The Crime of Jean Genet
Dominique Eddé met novelist and playwright Jean Genet in the 1970s. And she never forgot him. ‘His presence’, she writes, ‘gave me the sensation of icy fire. Like his words, his gestures were full, calculated and precise […] Genet’s movements mimicked the movement of time, accumulating rather than passing.’

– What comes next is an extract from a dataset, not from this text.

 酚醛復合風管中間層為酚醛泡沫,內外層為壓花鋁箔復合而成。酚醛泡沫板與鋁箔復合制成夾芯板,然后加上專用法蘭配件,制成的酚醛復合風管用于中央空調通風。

This book is Eddé’s account of that meeting and its ripples through her years of engaging with Genet’s life and work. Rooted in personal reminiscences, it is nonetheless much broader, offering a subtle analysis of Genet’s work and teasing out largely unconsidered themes, like the absence of the father, which becomes a metaphor for Genet’s perpetual attack on the law. Tying Genet to Dostoevsky through their shared fascination with crime, Eddé helps us more clearly understand Genet’s relationship to France and Palestine, Judaism, Christianity, Islam, the theater, and even death. A powerful personal account of the influence of one writer on another, The Crime of Jean Genet is also one of the most penetrating explorations yet of Genet’s work and achievement.

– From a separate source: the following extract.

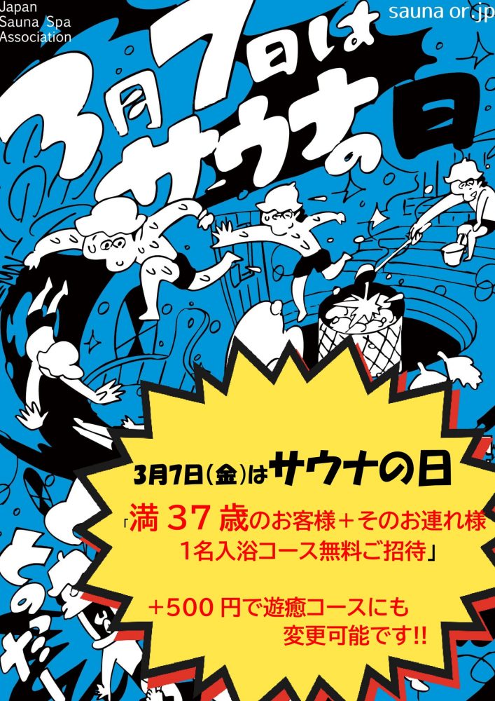 3/7(金)当日に満37歳の方を対象に、入浴コースを無料でご使用いただけます🙌

‘Eddé’s book is an intelligent but not reverential account of the way in which Jean Genet fascinated and intimidated her.’ — Times Literary Supplement
‘For an American reader (or writer) currently agonizing over the degradation of civic values, The Crime of Jean Genet insists on a bracing distinction between literary art that assumes its anger exerts a force for change versus writing that “never seeks to resolve or explain but, rather, to dissolve and destroy.”’ — On the Seawall
Dominique Eddé is a Lebanese novelist and essayist, whose works include Kite (2012), Kamal Jann (2014), and The Crime of Jean Genet (2016), all published by Seagull Books.